In mid-2021, the bank was among the first to begin calling some employees back on a rolling basis. By April 2022, about half of its workforce was expected to be in the office five days a week.

"As we've returned to more normal patterns in our lives and work, we can all appreciate the many benefits of in-person engagement, [and] this is especially true when it comes to the importance of being in the office," JPMorgan's operating committee wrote in a 2023 memo requiring all managing directors to return to the office five days a week. "Being together in person is the best way to build and strengthen our culture — the very thing that makes our company special."

Push to boost attendance

From corporate giants to smaller professional services firms, employers across the country are stepping up their in-person requirements in an attempt to move past the pandemic-related shift toward increased flexible work arrangements.

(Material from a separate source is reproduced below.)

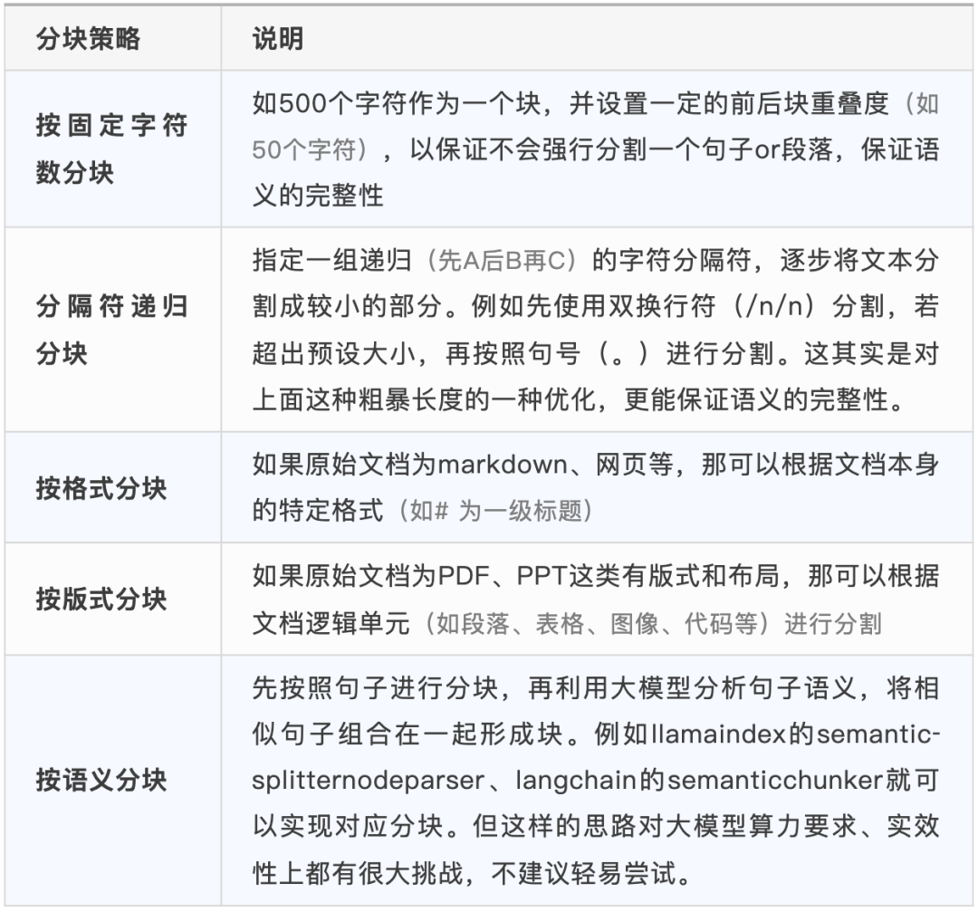 另外,分块的核心是“服务于检索”,因此在分块阶段,就要提前考虑后续的索引逻辑,做好衔接——这也是很多小白容易忽略的点,导致分块和索引脱节,影响检索效果。

Office market stakeholders point to the escalated mandates, many of which take effect in 2025, as a signal that demand for office space will be on the rebound after years of depressed leasing activity.

Large employers such as Amazon, Starbucks, AT&T, Southwest Airlines and Walmart have recently stepped up their in-person requirements, and many employers are now demanding workers commute to an office all five days of the workweek.

Escalated mandates have fueled optimism among national office landlords looking to retain their portfolio occupancy as tenants slashed real estate to both trim costs and adjust to flexible, post-pandemic work policies.

The combination of depressed demand, stagnant leasing and ongoing flexible work has helped push the national office vacancy rate to a record high of about 14%, according to CoStar data. Tenants have collectively handed back roughly 210 million square feet of office space since the start of 2020, with tepid demand expected to prolong any effort to revert to pre-pandemic levels of occupancy.

For JPMorgan, the push to boost in-person attendance is critical given its outsize investment in expanding its office real estate portfolio.

The New York-based bank, one of the city's largest employers, is nearing the finish line on a development set to house its new global headquarters at 270 Park Ave. in midtown Manhattan. The roughly 2.5 million-square-foot project, slated to complete construction later this year, is designed to accommodate about 14,000 employees who will have access to a slew of amenities such as outdoor lounges, a fitness center, a meditation room and an upscale food hall.

JPMorgan occupies upward of 27 million square feet of office space around the world, according to CoStar data, a footprint spread across more than 700 outposts.